鬼人達が反応した。何やらフガフガと鳴き声を交わしている。やがて一匹が撒餌の方へとやってきた。一匹は穴の前に留まっている。
餌へと歩いてゆく鬼の横合い、茂みの陰から雷が足払いを繰り出した。赤壁が展開する。が、衝撃は通る。鬼が呻きをあげてバランスを崩す。蓮沼と増田が先手必勝を発動させて飛び出し、太刀を振って鬼を大地に突き倒した。咆哮が上がる。即、途絶えた。倒れた鬼の首に雷のコンユンクシオが叩き込まれていた。
「潰れちまいな!」
三人の剣士はさらに乱打して完殺する。
洞窟の前の歩哨にはナオとシエラが練力を全開にして弓矢で攻撃を仕掛けていた。共に即射を発動し、眼にも止まらぬ速さで次々と射る。
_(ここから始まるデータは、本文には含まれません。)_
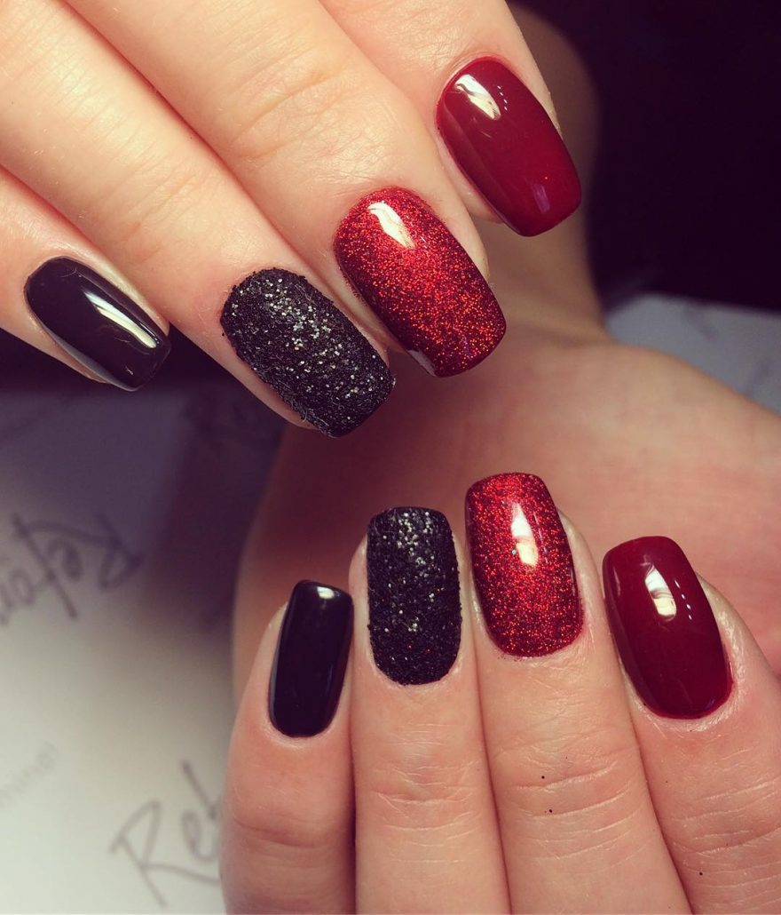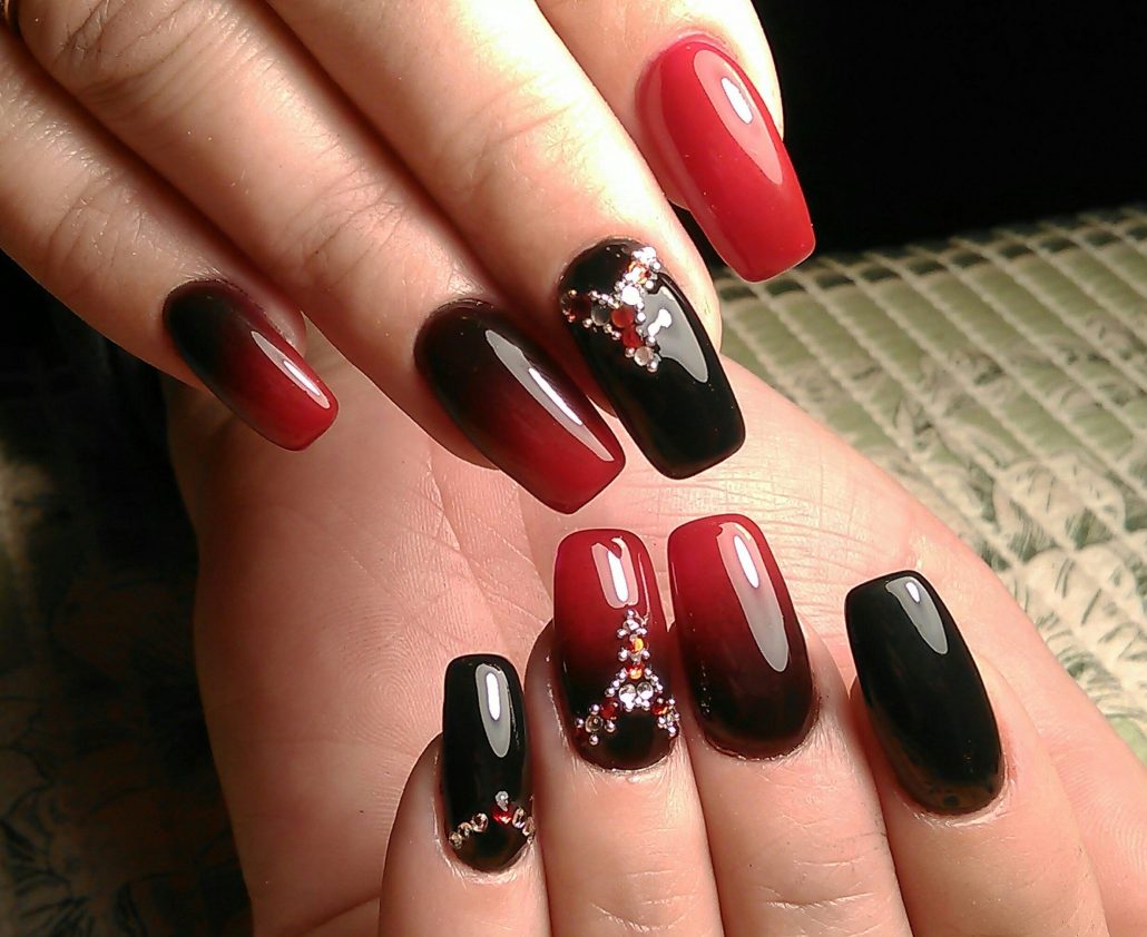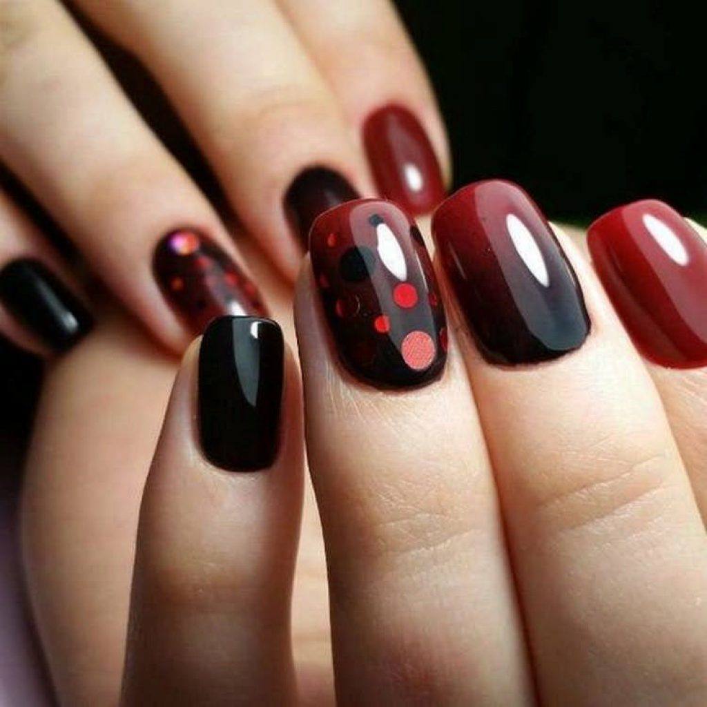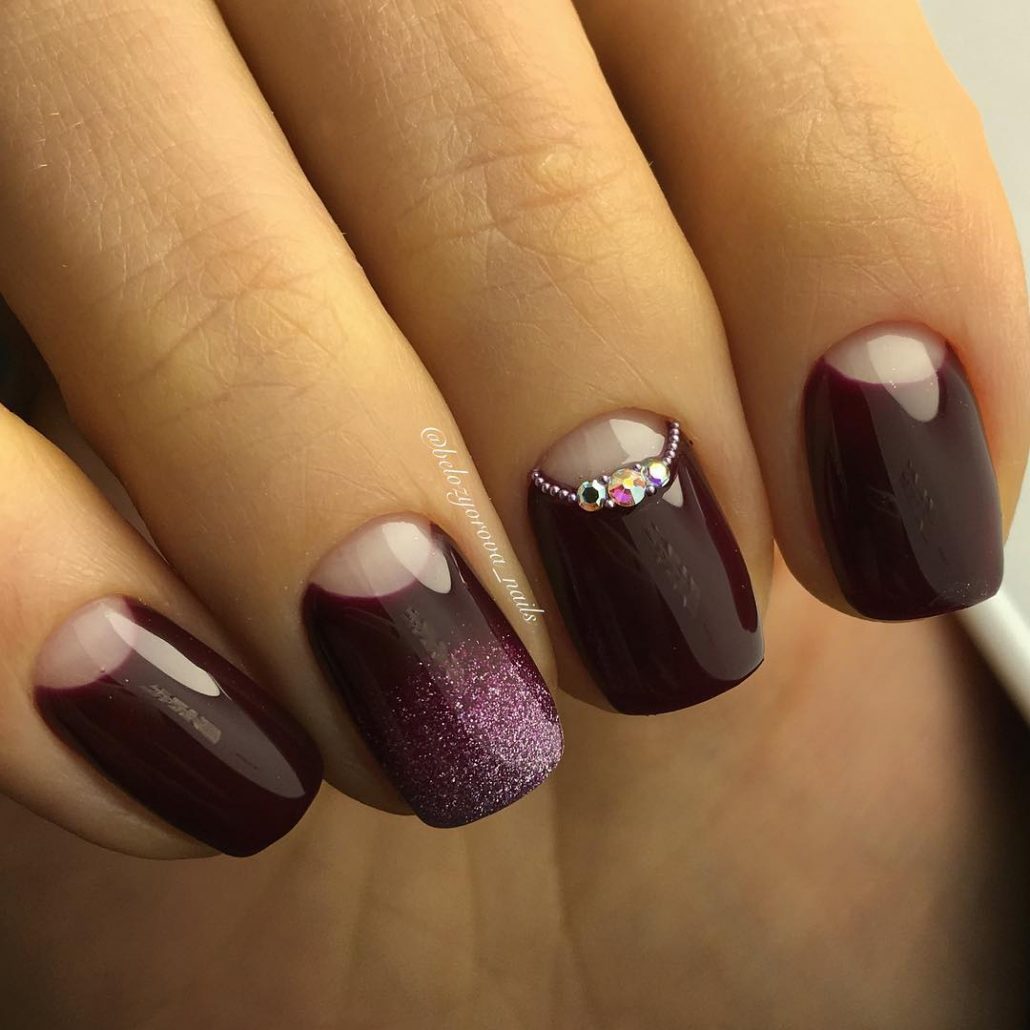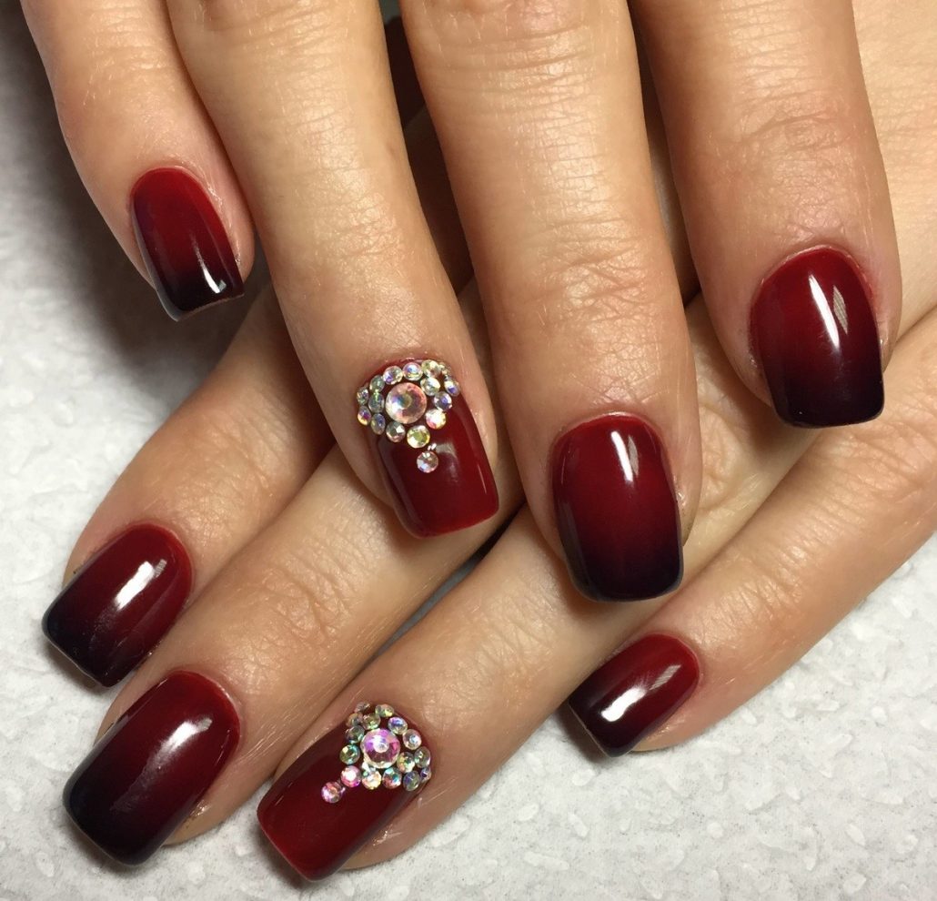 La technique de manucure en dégradé est très intéressante et vous permet de créer des images époustouflantes. Il est préférable d'utiliser du bourgogne en combinaison avec du vernis noir. Ceux qui trouvent cette combinaison trop sombre peuvent les appliquer sur une couche de finition rouge ou autre. Les étincelles et les strass contribueront à ajouter du mystère et de l'éclat à un tel design.

凶悪な殺傷能力を秘めた煌きの流星が襲いかかった。それ対して鬼人が叫びをあげるよりも早く、ナオ・タカナシの豪矢が鬼の喉元を貫き通していた。構造上、急所は人と似通っているようだ。喉をやられては叫べない。喉元を抑えながら鬼人は仰向けに倒れ、動かなくなる。
ラピスが洞窟前の歩哨に近寄って生死を確認する。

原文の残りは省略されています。